1

I've made a manager for my dot files that creates sym links between each of the dot files in my dot_files/ dir and my $HOME.

I'm trying to write a script that deletes all of these specific sym links and no others.

Here's my O(n^2) solution that does the job fine.

delete_sym_links () {
    # Include dot (.) files while looping
    shopt -s dotglob

    for DOT_FILE in ~/dot_files/*;
    do
        if [ ! -d "$DOT_FILE" ];
        then
            for FILE in ~/*;
            do
                if [ -h "$FILE" ] && [ $(basename $DOT_FILE) = $(basename $FILE) ];
                then
                    rm "$FILE"
                    echo deleted "$FILE"
                fi
            done
        fi
    done
}

I'm trying to get the runtime down to O(n lg n). The bash is really tripping me up though.

Something like...

delete_sym_links () {
    SYM_LINKS=($(find $HOME -maxdepth 1 -type l -ls | sort -n))
    NUM_SYM_LINKS=$(find $HOME -maxdepth 1 -type l -ls | wc -l)
    DOT_FILES=$(find $HOME/dot_files/ -maxdepth 1 -name ".*" -type f | sort -n)
    NUM_DOT_FILES=$(find $HOME/dot_files/ -maxdepth 1 -name ".*" -type f | wc -l)

    i=0
    j=0

    while (("$i" < "$NUM_SYM_LINKS")) && (("$j" < "$NUM_DOT_FILES"));
    do
        if [ $(basename ${SYM_LINKS[$i]}) = $(basename ${DOT_FILES[$j]}) ];
        then
            echo removing sym link ${SYM_LINKS[$i]}
            rm ${SYM_LINKS[$i]}
            ((j++))
        else
            ((i++))
        fi
    done

    echo "All dot_files sym links removed"
}

h.and.h
  • 690
  • 1
  • 8
  • 26
  • 1
    Why are you looping over every file in your home directory when you know what the name should be? Essentially you could do what you were already doing in your n^2 version, but just set $FILE to `~/$(basename $DOT_FILE)`. – Tyler Marshall Apr 03 '19 at 16:11
  • Even ignoring the big-O complexity, your constant factors are going to kill you on some of this (for any significantly-sized `n`) as the code is currently written -- `$(...)` is itself a slow operation, and running external commands (like basename) pays a large penalty as well. – Charles Duffy Apr 03 '19 at 19:25
  • Re: `arr=( $(find ...) )`, see [BashPitfalls #50](http://mywiki.wooledge.org/BashPitfalls#hosts.3D.28_.24.28aws_....29_.29) -- that's not just a practice with performance issues but major correctness problems (a filename with spaces will be split into multiple array elements; a filename that can be expanded as a glob *will* be, and the results subject to `globfail` or `nullglob` behaviors if enabled; etc); better practices are discussed in [UsingFind](http://mywiki.wooledge.org/UsingFind). – Charles Duffy Apr 03 '19 at 19:27
  • 1
    ...in particular, consider `readarray -t -d '' arr < <(find ... -print0)`. – Charles Duffy Apr 03 '19 at 19:29

2 Answers2

4

Try this Shellcheck-clean, O(n), code:

function delete_symlinks
{
    local df_path df_name home_df_path

    for df_path in ~/dot_files/.* ; do
        [[ -d $df_path ]] && continue
        df_name=${df_path##*/}
        home_df_path=~/$df_name
        if [[ -L $home_df_path ]] ; then
            rm -- "$home_df_path"
            printf 'deleted %s\n' "$home_df_path"
        fi
    done

    return 0
}
pjh
  • 6,388
  • 2
  • 16
  • 17
1

bash has associative arrays. We can store a unique identifier for each dotfile and then check the home directory files for a match. I believe this is O(m+n) compared to your original O(m*n).

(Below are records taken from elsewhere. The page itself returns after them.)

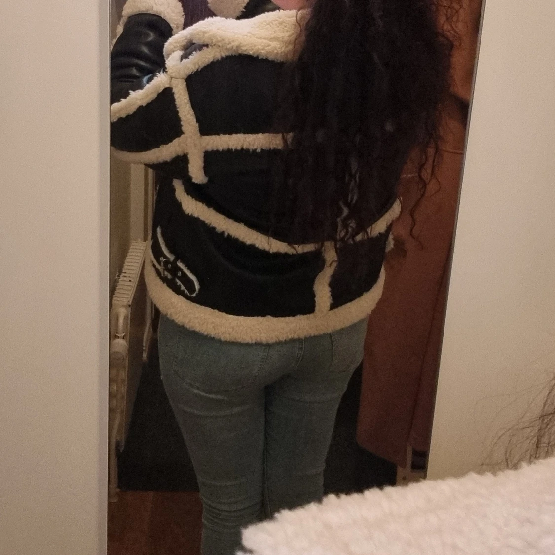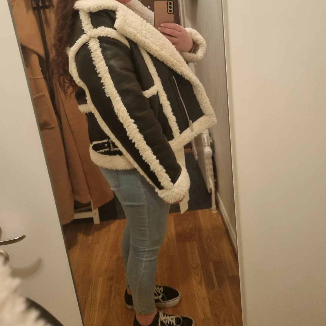 Snygg jacka i läderimitation samt med teddy invändigt och i detaljer. Använd 3 gånger vid torrt väder. Säljes just pga att jag inte använder den så ofta. Kan skickas. Köpare betalar frakten. Säljs ny i butik för 899 kronor.
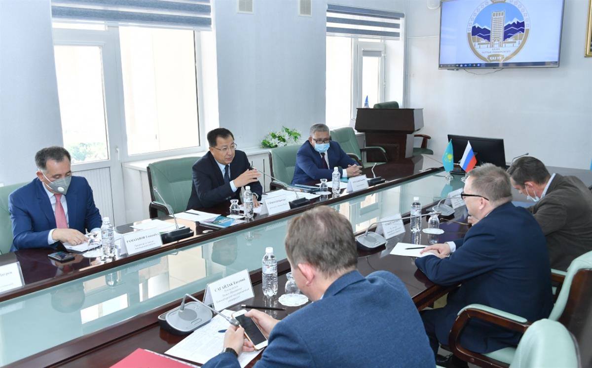 A meeting of the Chairman of the Board - Rector Zhanseit Tuimebayev with representatives of Russian universities - Izhevsk State Technical University (ISTU) and Novosibirsk State University (NSU) was held at Al-Farabi KazNU.
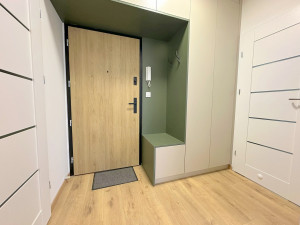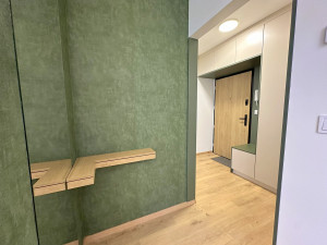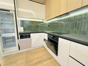 -A lakás és a teljes berendezés új. A konyhabútorban beépített konyhagépek lettek elhelyezve, továbbá magas étkező asztal és 2 bárszék is van. Az előszobabútorban is sok minden elfér.
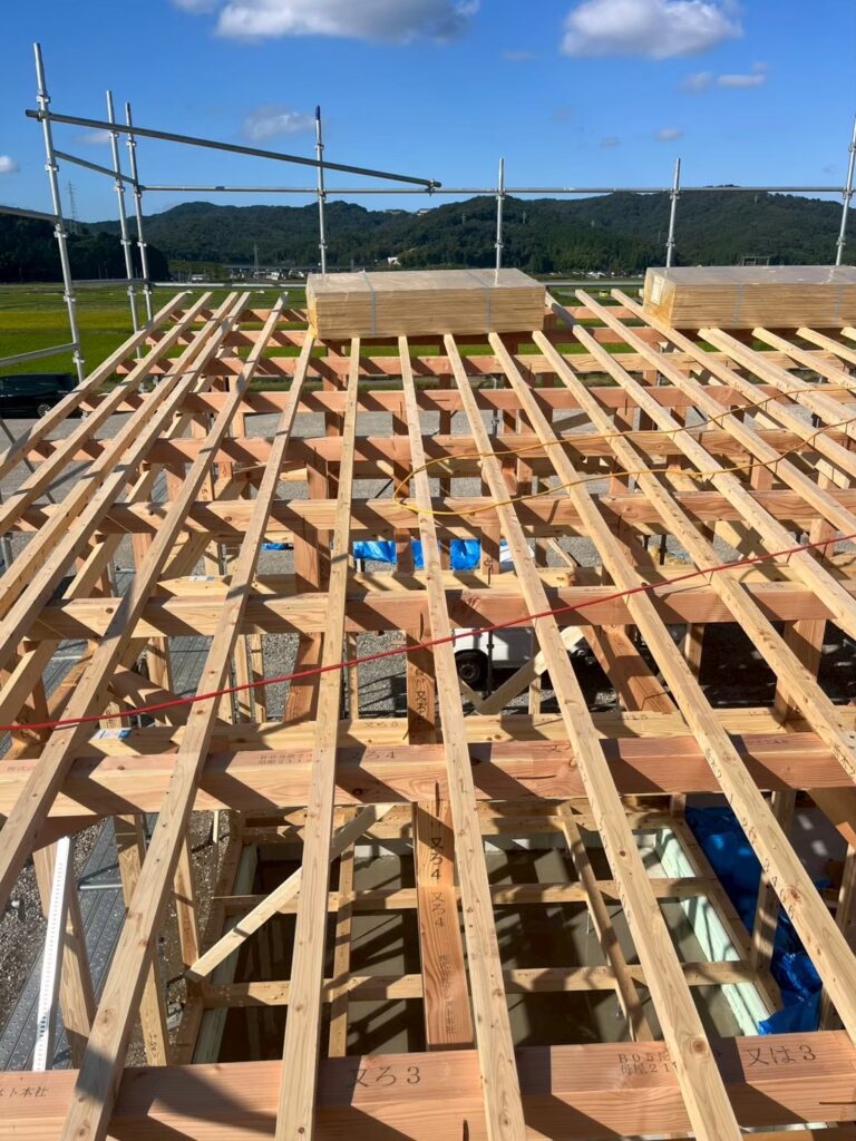 柱や梁が組み上がり、建物の骨組みが一気に形になりました。屋根の下地も施工され、空間の広がりが感じられる段階です。
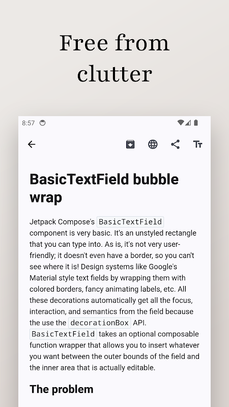 Aplikasi ini menawarkan pengalaman membaca yang bersih dan bebas gangguan dengan menyingkirkan kekacauan yang tidak perlu, hanya menyisakan konten yang penting, semuanya dilakukan secara lokal di perangkat Anda. Data bacaan Anda tidak pernah meninggalkan perangkat Anda.
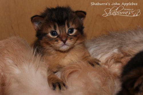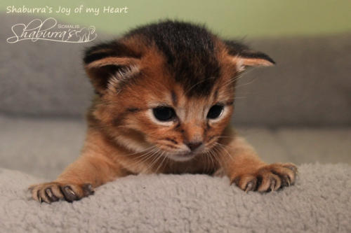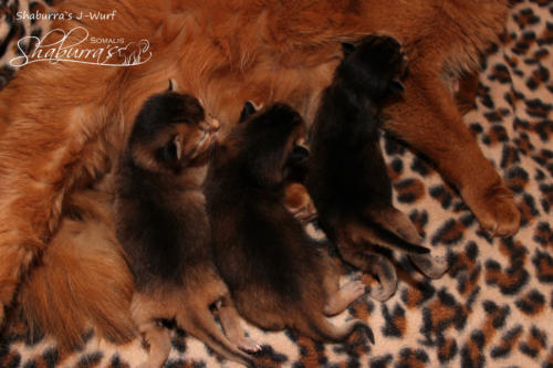 Geboren am 10.03.2019 Eltern: CH Shaburra`s Gianna Nannini x Asili`s Cooper Jojo Abessinier Variant - ruddy - männlich - ausgezogen - Joy of my Heart Abessinier Variant- ruddy - weiblich - ausgezogen - John Applebee II. Somali - ruddy - männlich- ausgezogen-

Here's an example using inode:

delete_sym_links () (
    declare -A inode
    shopt -s dotglob nullglob

    ls -diL ~/dot_files/* | (
        while read i name; do
            [ ! -f "$name" ] && continue
            inode2name[$i]="$name"
        done
        for name in ~/*; do
            [ ! -h "$name" ] && continue

            read i junk <<<$( ls -diL "$name" )
            if [ "$junk" != "$name" ]; then
                echo 1>&2 "ls parse error! ($name)"
            fi
            if [ -n "${inode2name[i]}" ]; then
                echo "found: $name -> ${inode2name[$i]}"
                echo "rm \"$name\""
            fi
        done
    )
)
  • As ~/dot_files/ is a subdirectory of ~/, I have assumed they are on the same filesystem so that inode can be used as the unique id.
  • Parsing ls (in the while loop) is frowned upon but is a portable way to extract the inode as long as we don't have strange filenames (eg. with embedded newlines). We only need POSIX options.
  • We call ls rather a lot in the for loop so it could have a big effect on the constant factor of the complexity, but it's only on possible matches so perhaps it's not so bad.
  • Using fn()() instead of more common fn(){} localises the shopt

If we don't like parsing ls but we have realpath, we can do:

delete_sym_links () (
    declare -A real
    shopt -s dotglob nullglob

    for name in ~/dot_files/*; do
        [ ! -f "name" ] && continue
        real="$(realpath "$name")"
        real2name["$real"]="$name"
    done

    for name in ~/*; do
        [ ! -h "$name" ] && continue
        real="$(realpath "$name")"
        if [ -n "${real2name["$real"]}" ]; then
            echo 1>&2 "found: $name -> ${real2name["$real"]}"
            echo "rm \"$name\""
        fi
    done
)
jhnc
  • 11,310
  • 1
  • 9
  • 26